Following on from that, the fifth album How to measure a planet? marked the start of a fractured relationship with Century Media when you moved away from the highly profitable gothic metal sound, and eventually the band left the label and released material on their own label Psychonaut records, sticking to what you wanted to create at the expense of making it big like other of the female fronted metal bands. Looking back how proud are you that you’ve always done things on your own terms?

With CM we felt pigeon-holed, and categorized with bands we didn’t felt any connection. Thats why we felt the urge to release albums on our own label.
I am not sure if we made it big, when we stayed at CM, its difficult to say that in hindsight. I also have to say that CM was of course also very important for our career. Of course, they made quite some money with us, but they also made sure people could buy our albums everywhere, and we were very visible in different kinds of media. I am proud of our own label, and the releases we did on Psychonaut, but its also hard work with loads of trial and errors, its a business which many people think a bit to heroic about.
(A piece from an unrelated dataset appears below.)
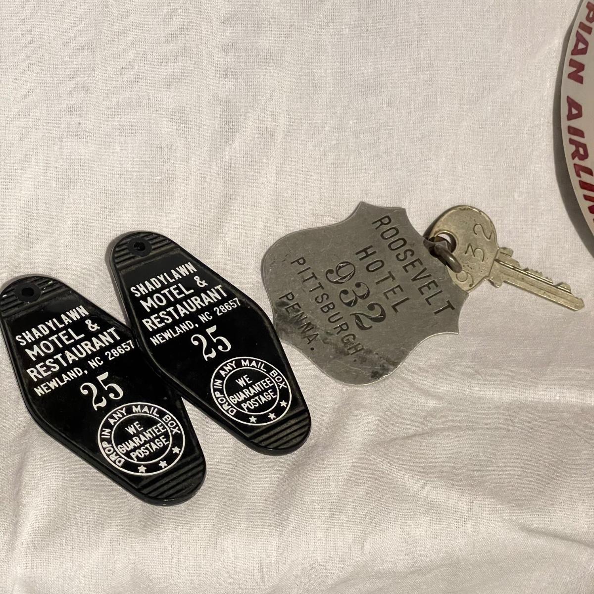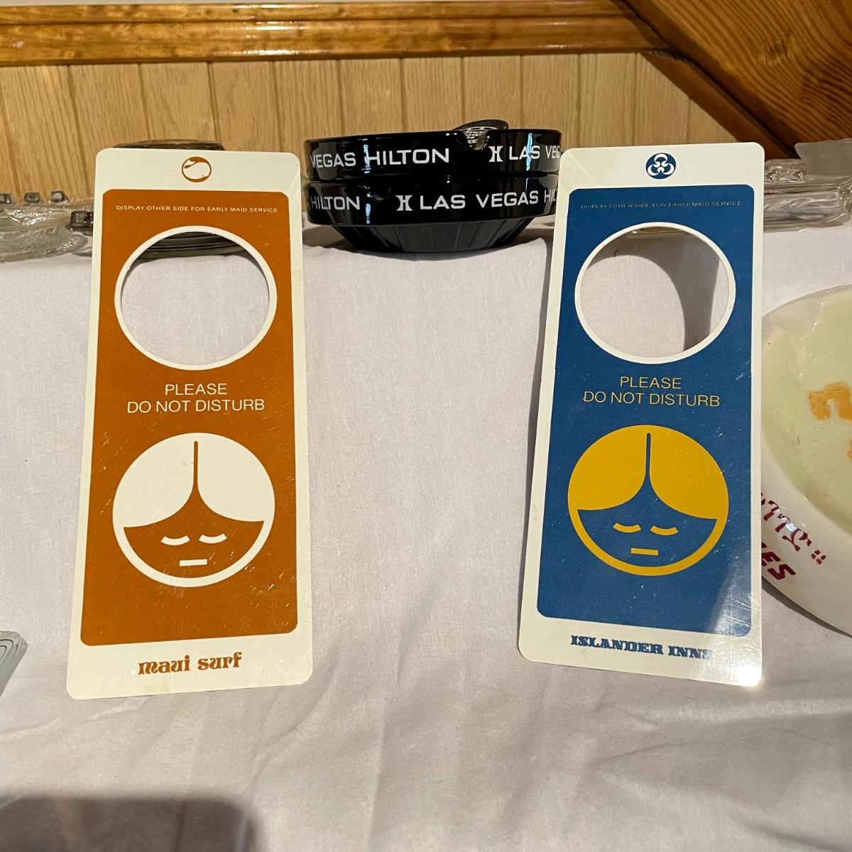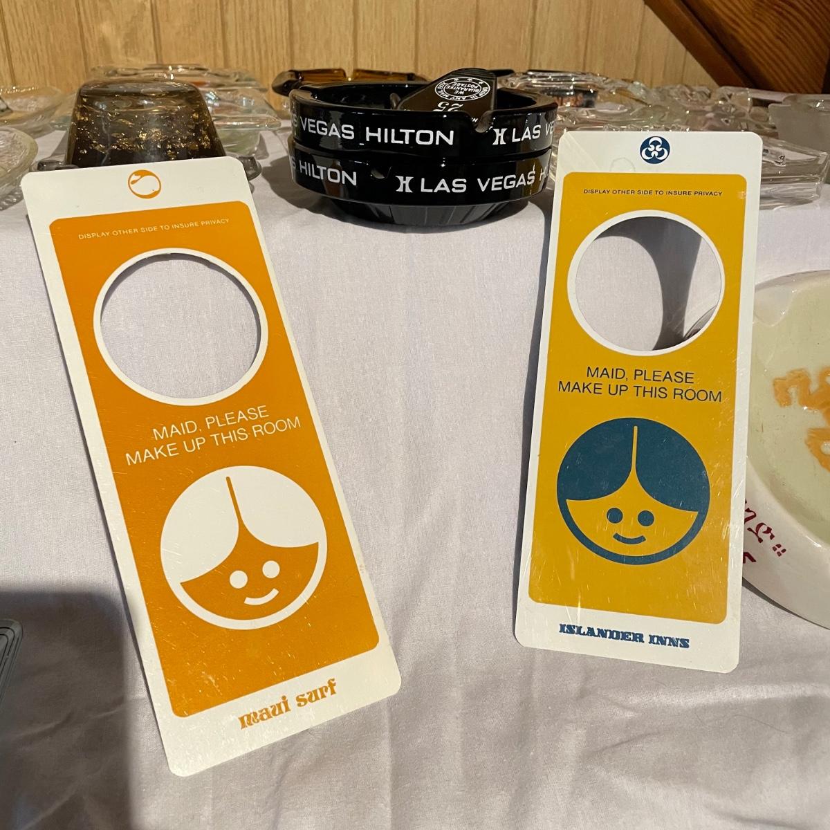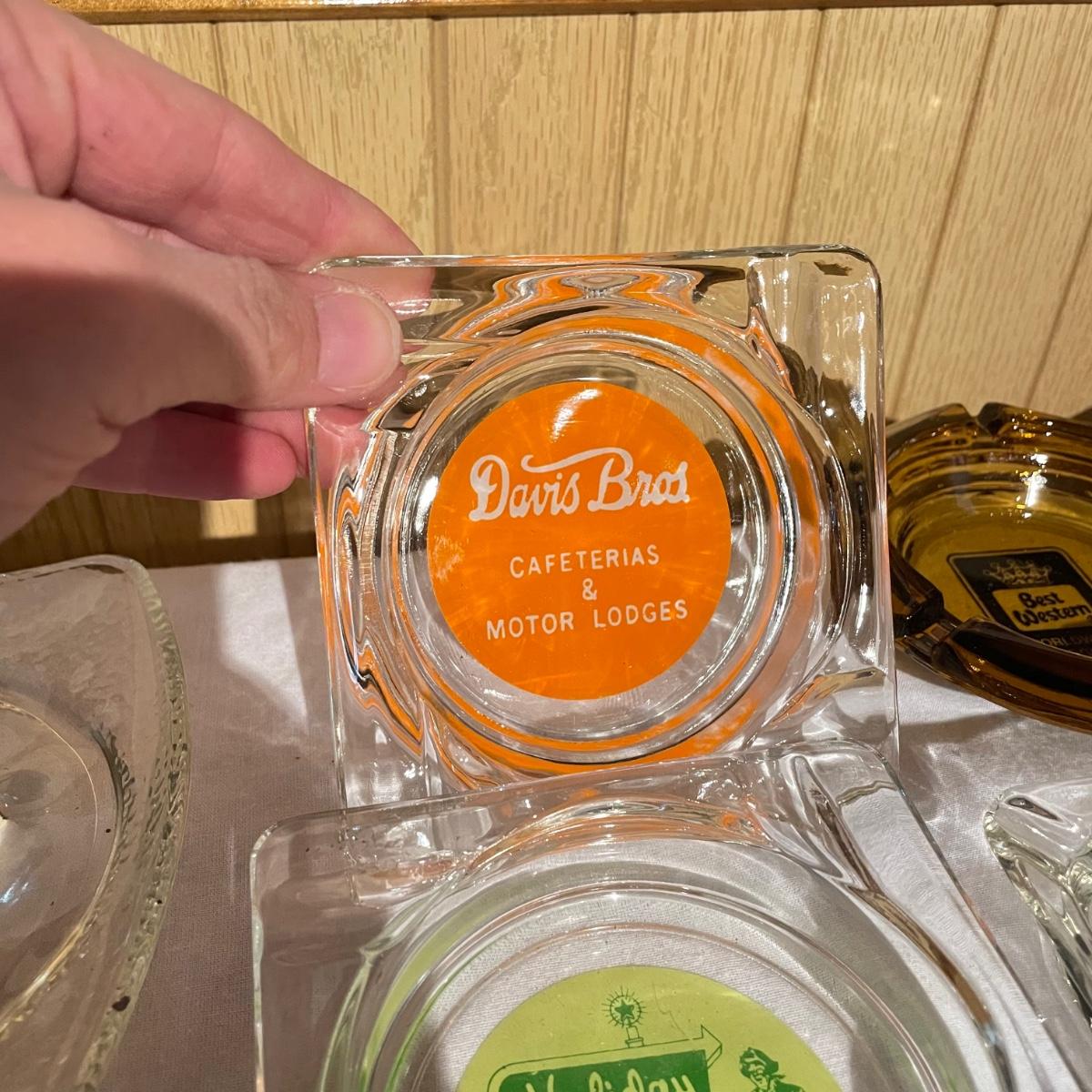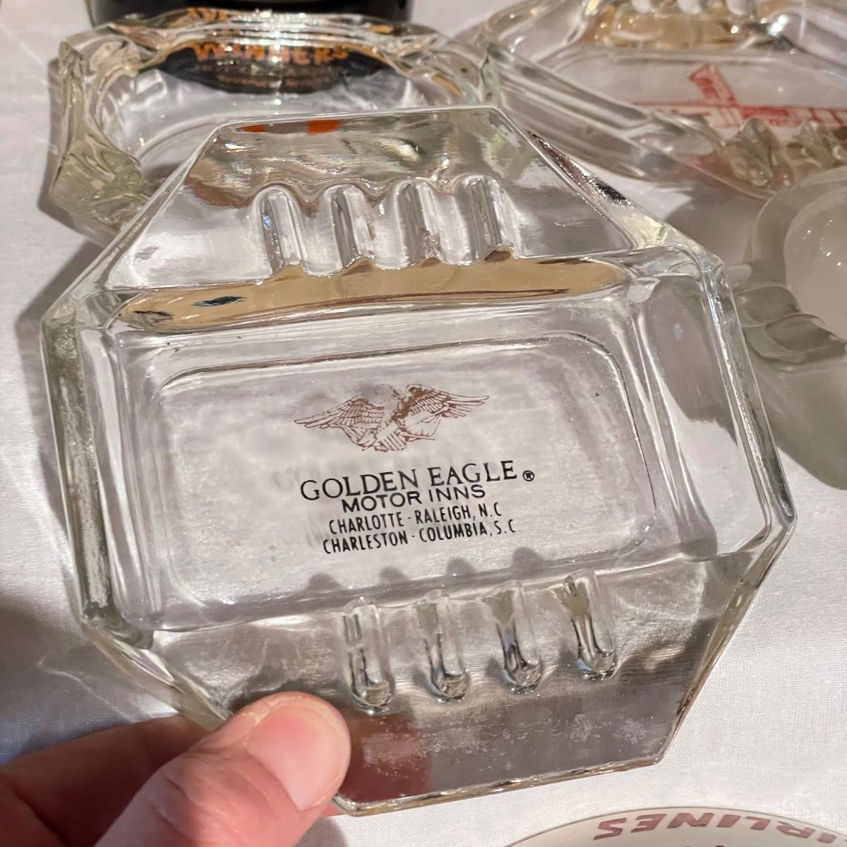 Over twenty vintage ashtrays advertising casinos, lodging and travel. Lot also holds two plastic hotel door hangers and old Roosevelt hotel metal key. The largest ashtray is handmade in Greece for Ethiopian Airlines, it’s almost 7”d. The Glass slipper is the smallest ashtray at 3.75”d. See images. Shipping available.

When you left the label, the musical landscape was starting to change in the beginning of the 2000’s with the rise of digital media and music piracy. In the 2010’s there’s the problem of streaming services which pay the artists a pittance if anything, what are your thoughts on these challenges in the 21st century?

The landscape changed indeed a lot. The techniques available nowadays make it possible that everybody can create a complete album in their bedroom. There is of course loads of crap or releases not of my interest available, but that is not any different from the pre-internet days. Streaming sites like Spotify and such, make it  possible to listen and skip tons of artists without spending too much money. of course their royalty payments are a joke, like you said, but they make you visible in a way which is very good for beginning bands and artists. I also like a lot initiatives like: Bandcamp and Soundcloud, where you can make your own music store and take control of things yourself. An advantage which I wish we where having when we started the band back in 1992.
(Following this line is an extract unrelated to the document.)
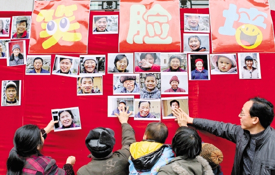1月17日,本报记者来到淳安县宋村乡硖石村,为当地100多名村民拍摄笑脸,并现场打印成照片组成“笑脸”墙。

Another challenge to the band was Anneke leaving in 2007. Despite the fact that you’ve delivered some of the best work to date in Disclosure and Afterwords featuring the beautiful voice of Silje, some of the fans of the band stopped following you to some extent after her departure. How frustrating was this, given that the band was always bigger than one individual member?

We didn’t feel frustrated, it was more a feeling of disappointment, because some fans lost interest. Of course Anneke was very important for the band and for us it was a big deal when she decided to leave. Its just very difficult to fill these shoes for a new singer (no matter how good she is). But I am glad we decided to go on and found Silje. She is an excellent singer and performer. I guess it just takes time for people to realize this.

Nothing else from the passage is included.